The woman gave a wild laugh, full of insanity. “God how do you stand it? They won’t shut up. I won’t shut up. Look! Look! See! See!”

“Ukiah, get out of there.” Max’s voice had gone flat and cold.

“You didn’t tell me it was going to be this way. That I couldn’t even sleep because I had to listen to them breathe. Even when you can’t hear them, you have that damn blood river flowing in your head!”

“Ukiah, just get out.”

“How do you stop listening?” She wailed the words, like a trapped animal calling for help. She caught a handful of her tangled hair, thick with weeds and dead leaves, and tugged hard with her left bloody hand. The right still held the glittering sword. “How do you stop listening?”

Ukiah almost stepped towards her, would have if he could have thought of any way to help her, comfort her. But then her eyes snapped back to him, glittering hard as a mink’s at the sight of blood.

“You knew this would happen! You planned it! You didn’t want the other stuff. All you really wanted was them dead, wasn’t it?”

Ukiah held up his hands. “I don’t know you. I’ve done nothing to you.”

She gave a high ragged laugh. “Don’t lie to me. I can tell now. I can tell. God damn bugs. How can they be so loud and you can’t see them? There must be millions of them, but where are they during the day?”

“Ukiah, draw your gun. You’re going to need it out if she jumps you.”

There was flash of lightning and she jumped at him with the speed of a striking snake.
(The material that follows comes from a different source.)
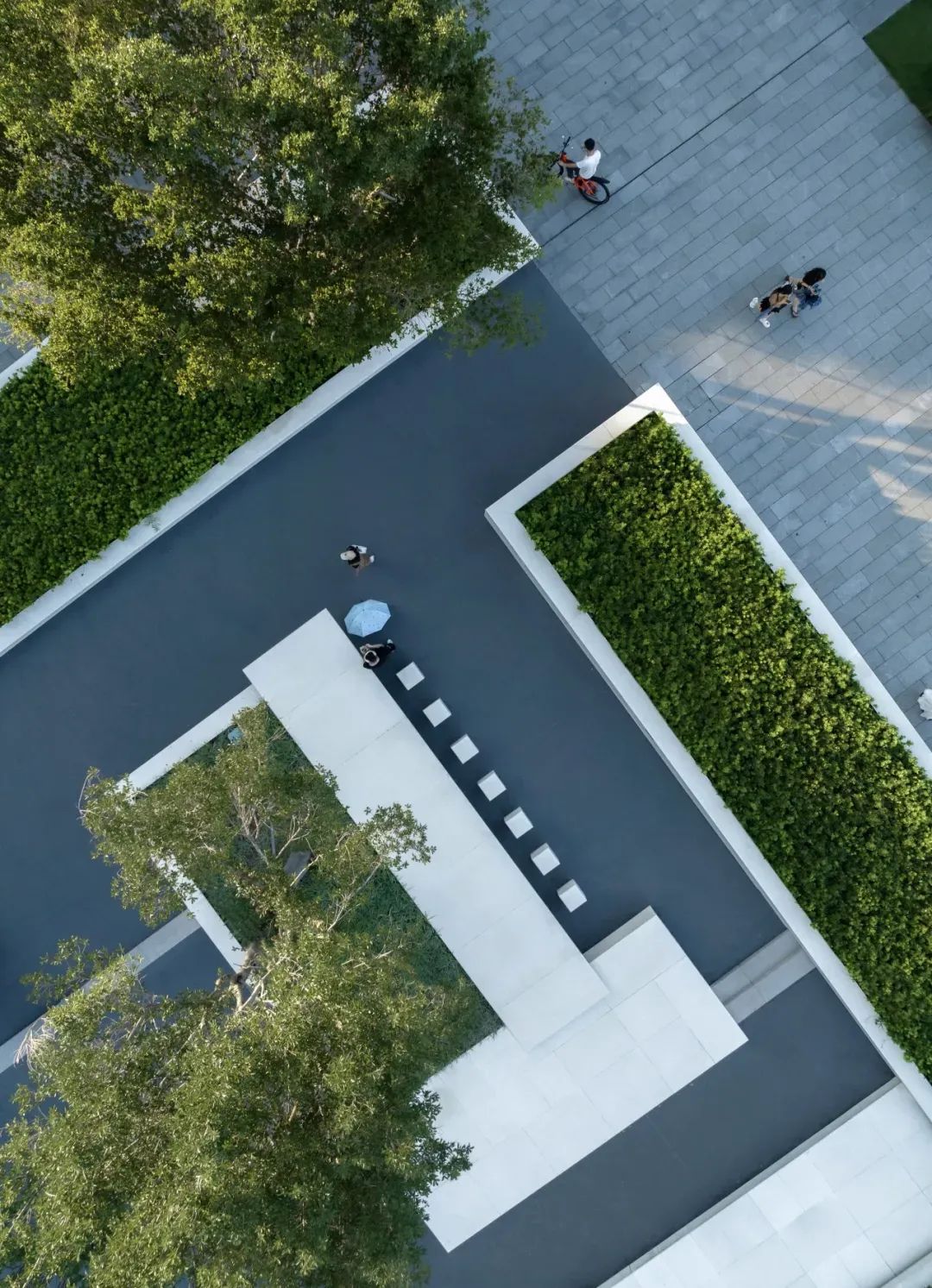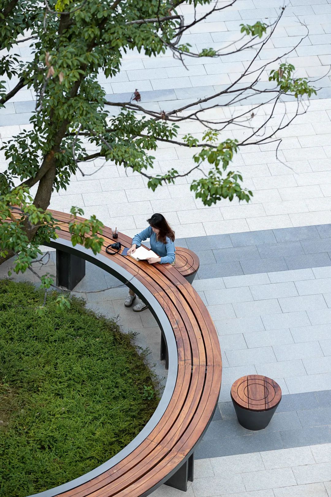 在整个办公园区最集中的户外活动场地,项目将其设置为一个整体开放的林下活动空间。经多维度的对比研究,设计团队最终选用56株榉树打造了集观赏、休憩功能为一体的榉树广场。

He leaped backwards, throwing up his arm to ward off the blow and unbidden came the memory of the fingerless girl. The sword came as a shining arc in the flickering light and he felt the cut along his arm, sharp thin pain. He tumbled, reaching desperately for his pistol. As he gained his feet, the sword kissed him again, slicing upwards along his unprotected throat. Hot blood pulsed from the wound with the pounding of his heart. He slapped his left hand over his slick throat and blindly pulled the trigger. The gun leaped in his hand, the discharge bright in the rain-cloaked night woods. He saw her twitch and jerk as the bullets struck her. His knees buckled and he fell, still desperately pressing his hand against the cut in his neck.

There was another crack of thunder, swallowing the echoes of his gunfire, and it began to rain.